The plaintiffs appealed to the Superior Court under G. L. c. 40A, Section 21. The judge entered a decree that the decision exceeded the board's authority and ordered it annulled. He ordered that the permit sought from the building inspector on January 7, 1964, be granted.
On the merits, the case turns on the meaning to be given to the applicable provisions of the zoning by-law of the town. Section I-C 4 of the zoning by-law defines "Dwelling Unit" as "one or more rooms providing complete living facilities for one family . . ." (emphasis supplied).
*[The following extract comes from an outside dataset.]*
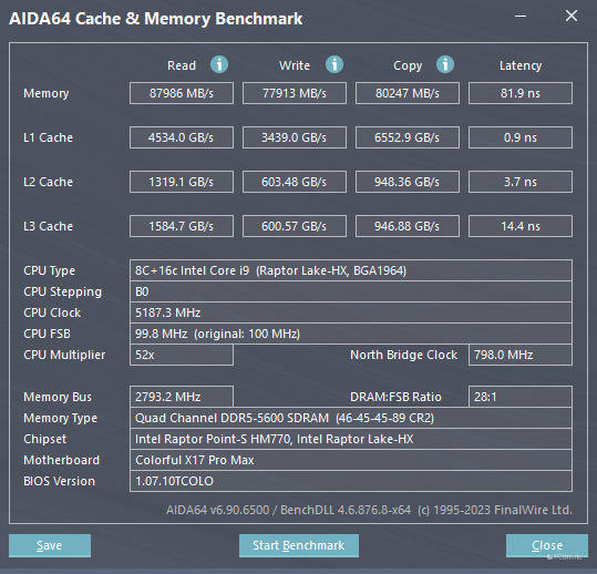 使用AIDA 64中的Cache&Memory BenchMark对双通道32GB DDR5 5600MHz进行测试,读、写、复制的速度分别为87986MB/S、77913MB/S、80247MB/S,延迟81.9ns,在保证了读写速度极快的同时,进一步压低了内存延迟、消除内存对性能的瓶颈。

Section V-E of the zoning by-law provides: "No dwelling shall be erected, reconstructed, remodeled or altered, so that the floor area of living space per dwelling unit shall be less than the following: . . . For multi unit apartment building 3 room unit -- 468 sq. ft. living space; 4 room unit -- 610 sq. ft. living space; 5 room unit -- 750 sq. ft. living space; 6 room unit -- 890 sq. ft. living space."
Section V-E does not in terms specify minimum floor area requirements for one room and two room apartments. Yet it is clear from the definition of "dwelling unit" that one and two room apartments are permissible. We think that the reasonable construction of Section V-E is that no dwelling unit may have less than 468 square feet and that the 468 square feet could not be used for a dwelling unit of more than three rooms. The result of this construction of the by-law is that each of the plaintiffs' proposed apartments must have, in the absence of a variance, at least 468 square feet even though the dwelling unit has less than three rooms.
In the light of the foregoing, we consider the decree. The judge was right in annulling the decision of the board
because the board did not decide the matter which was before it, namely, the denial by the building inspector of the permit for five apartments. The decision of the board was not "responsive" to the plaintiffs' appeal. MacGibbon v. Board of Appeals of Duxbury, 347 Mass. 690 , 692. Furthermore, however helpful the board may have intended to be, its insistence that the plaintiffs submit a substitute plan for four apartments of three rooms each, before it would consider the appeal, was in excess of the board's authority. As noted above, the by-law permits a dwelling unit of less than three rooms provided the unit has the requisite facilities and has not less than 468 square feet of living space. The board could not, as it attempted to do, preclude a one or two room apartment under the provisions of Section V-E. On the dual grounds, therefore, of the board's unresponsiveness to the appeal and the imposition of an unwarranted condition for hearing the appeal, the decree annulling the board's decision was right. On the other hand, the decree should not have ordered that the permit for five apartments, applied for on January 7, 1964, should issue. The issuance of the permit in the absence of a variance respecting living space requirements would be plainly in violation of the provisions of the by-law for such requirements.
The decree is to be modified by striking out the order "that the building permit applied for on January 7, 1964 issue." Thus modified it is affirmed.
[Note 1] Pauline Garelick.
[Note 2] Building Inspector of Franklin.